▸ Work instruction
Print out the data exactly, keeping every image out of it.

━━━━━ Data

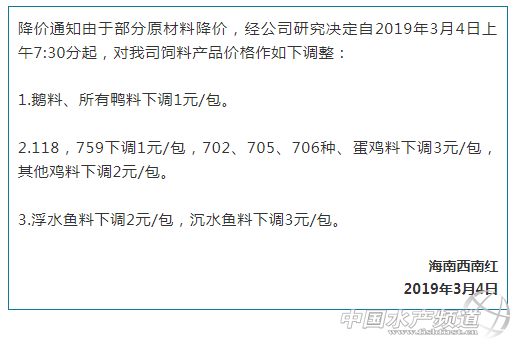 | 中國水產(chǎn)頻道綜合報道, 今天3月4日,又有廣西、海南飼料企業(yè)宣布降價。 進入2019年后,飼料市場降價風(fēng)暴頻繁襲擊,1月、2月、3月,各大飼料公司不停地下調(diào)價格,涉及大宗淡水魚料如草魚料、羅非魚料、叉尾料等;特種魚料如生魚料、加州鱸料、黃顙魚料、蛙料等;高檔蝦料如蝦苗料、斑節(jié)對蝦料、南美白蝦料等;海水魚料如黃鰭鯛(立魚)料、尖吻鱸料等。 盡管養(yǎng)殖戶表示,原料價格下降幅度很大,如豆粕降了1000多元一噸,但飼料價格只有幾元一包,降得少難達到其心理價位,但業(yè)內(nèi)人士表示,2019年飼料價格下降是近幾年比較異常的,尤其是淡水魚料在短時間(1-2天)內(nèi)密集下降了2次。 2月底掀起的降價潮一直到今天仍在持續(xù)。 2月28日,海大各大子公司率先下降常規(guī)魚料價格。3月1日,通威子公司馬上跟進宣布2日常規(guī)魚料降價,降價區(qū)域主要集中在珠三角地區(qū)。 3月2日海大、通威再同時宣布又一次下調(diào)常規(guī)淡水魚價格,同時降價還有蝦料和海水魚料,降價地區(qū)從珠三角延伸到福建。 3月3日,粵海、恒興等對蝦、海水魚優(yōu)勢品牌企業(yè)也紛紛下調(diào)價格,包括海大在內(nèi),海水魚料一噸降了300元,蝦料一噸最高降了800元。降價地區(qū)進一步擴展到粵東。 3月4日即今天,廣西、海南飼料企業(yè)加入降價行列,百洋產(chǎn)業(yè)投資集團股份有限公司飼料分公司下調(diào)了斑節(jié)對蝦、南美白對蝦、開口料,每噸下降300元。海南西南紅飼料公司下降羅非魚料價格,浮水料降2元/包,沉水料降3元/包。據(jù)海南羅非魚養(yǎng)殖戶稱,近來羅非魚價格下跌了,一周之內(nèi)下跌了2毛錢/斤,可能與美國延遲提高關(guān)稅有關(guān)。目前養(yǎng)殖戶們非常焦慮,所以祈盼飼料降價,經(jīng)銷商也提醒養(yǎng)殖戶暫停拉料。據(jù)悉,明天可能有更多的羅非魚料企業(yè)會調(diào)價。 關(guān)于這次飼料大降價,業(yè)內(nèi)分析主要原因還是三個: 1、原料價格大幅降價。中美經(jīng)濟貿(mào)易戰(zhàn)有所緩解,美國總統(tǒng)特朗普還延遲加收關(guān)稅時間,未來美國大豆有望增加進口中國。重要的是非洲豬瘟影響,養(yǎng)豬量大幅減少,豆粕需求直線下降。據(jù)飼料行業(yè)信息網(wǎng)顯示,2019年2月份國內(nèi)豆粕月度均價環(huán)比大幅下跌120元/噸,跌幅4.25%。預(yù)計,3月份豆粕行情仍將低位運行。今天主流豆粕報價為2450-2580元/噸,較昨天再跌20元/噸。魚粉處低價位:今天秘魯超級蒸汽蒸汽魚粉報價在10600-10800元/噸,議價在10400-10600元/噸。近期新季魚粉到港,我國主要港口魚粉庫存繼續(xù)呈上升趨勢中。 2、水產(chǎn)養(yǎng)殖品種價格幾近全線大幅跌。春天養(yǎng)殖投苗旺季即將到來,為增加養(yǎng)殖戶投苗信心,降低養(yǎng)殖成本。 3、出于飼料廠自身考慮。為爭取更多的市場份額,降價是較好的切入手段。 附:百洋產(chǎn)業(yè)投資集團股份有限公司飼料分公司調(diào)價通知 海南西南紅飼料調(diào)價通知 |
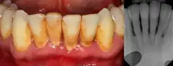 Photograph (left) and a radiograph (right) demonstrating extensive bone loss and soft tissue inflammation due to periodontitis. Plaque, calculus and staining
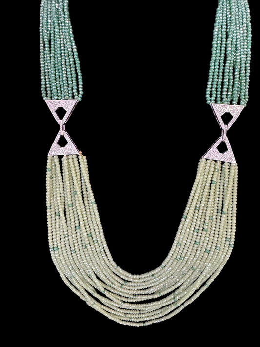 Dual Shade 10 Line Long Double Pendant Layered Crystal Necklace Green

━━━━━━━━━━

▸ Answer to this problem
 | 中國水產(chǎn)頻道綜合報道, 今天3月4日,又有廣西、海南飼料企業(yè)宣布降價。 進入2019年后,飼料市場降價風(fēng)暴頻繁襲擊,1月、2月、3月,各大飼料公司不停地下調(diào)價格,涉及大宗淡水魚料如草魚料、羅非魚料、叉尾料等;特種魚料如生魚料、加州鱸料、黃顙魚料、蛙料等;高檔蝦料如蝦苗料、斑節(jié)對蝦料、南美白蝦料等;海水魚料如黃鰭鯛(立魚)料、尖吻鱸料等。 盡管養(yǎng)殖戶表示,原料價格下降幅度很大,如豆粕降了1000多元一噸,但飼料價格只有幾元一包,降得少難達到其心理價位,但業(yè)內(nèi)人士表示,2019年飼料價格下降是近幾年比較異常的,尤其是淡水魚料在短時間(1-2天)內(nèi)密集下降了2次。 2月底掀起的降價潮一直到今天仍在持續(xù)。 2月28日,海大各大子公司率先下降常規(guī)魚料價格。3月1日,通威子公司馬上跟進宣布2日常規(guī)魚料降價,降價區(qū)域主要集中在珠三角地區(qū)。 3月2日海大、通威再同時宣布又一次下調(diào)常規(guī)淡水魚價格,同時降價還有蝦料和海水魚料,降價地區(qū)從珠三角延伸到福建。 3月3日,粵海、恒興等對蝦、海水魚優(yōu)勢品牌企業(yè)也紛紛下調(diào)價格,包括海大在內(nèi),海水魚料一噸降了300元,蝦料一噸最高降了800元。降價地區(qū)進一步擴展到粵東。 3月4日即今天,廣西、海南飼料企業(yè)加入降價行列,百洋產(chǎn)業(yè)投資集團股份有限公司飼料分公司下調(diào)了斑節(jié)對蝦、南美白對蝦、開口料,每噸下降300元。海南西南紅飼料公司下降羅非魚料價格,浮水料降2元/包,沉水料降3元/包。據(jù)海南羅非魚養(yǎng)殖戶稱,近來羅非魚價格下跌了,一周之內(nèi)下跌了2毛錢/斤,可能與美國延遲提高關(guān)稅有關(guān)。目前養(yǎng)殖戶們非常焦慮,所以祈盼飼料降價,經(jīng)銷商也提醒養(yǎng)殖戶暫停拉料。據(jù)悉,明天可能有更多的羅非魚料企業(yè)會調(diào)價。 關(guān)于這次飼料大降價,業(yè)內(nèi)分析主要原因還是三個: 1、原料價格大幅降價。中美經(jīng)濟貿(mào)易戰(zhàn)有所緩解,美國總統(tǒng)特朗普還延遲加收關(guān)稅時間,未來美國大豆有望增加進口中國。重要的是非洲豬瘟影響,養(yǎng)豬量大幅減少,豆粕需求直線下降。據(jù)飼料行業(yè)信息網(wǎng)顯示,2019年2月份國內(nèi)豆粕月度均價環(huán)比大幅下跌120元/噸,跌幅4.25%。預(yù)計,3月份豆粕行情仍將低位運行。今天主流豆粕報價為2450-2580元/噸,較昨天再跌20元/噸。魚粉處低價位:今天秘魯超級蒸汽蒸汽魚粉報價在10600-10800元/噸,議價在10400-10600元/噸。近期新季魚粉到港,我國主要港口魚粉庫存繼續(xù)呈上升趨勢中。 2、水產(chǎn)養(yǎng)殖品種價格幾近全線大幅跌。春天養(yǎng)殖投苗旺季即將到來,為增加養(yǎng)殖戶投苗信心,降低養(yǎng)殖成本。 3、出于飼料廠自身考慮。為爭取更多的市場份額,降價是較好的切入手段。 附:百洋產(chǎn)業(yè)投資集團股份有限公司飼料分公司調(diào)價通知 海南西南紅飼料調(diào)價通知 |
 Photograph (left) and a radiograph (right) demonstrating extensive bone loss and soft tissue inflammation due to periodontitis. Plaque, calculus and staining
 Dual Shade 10 Line Long Double Pendant Layered Crystal Necklace Green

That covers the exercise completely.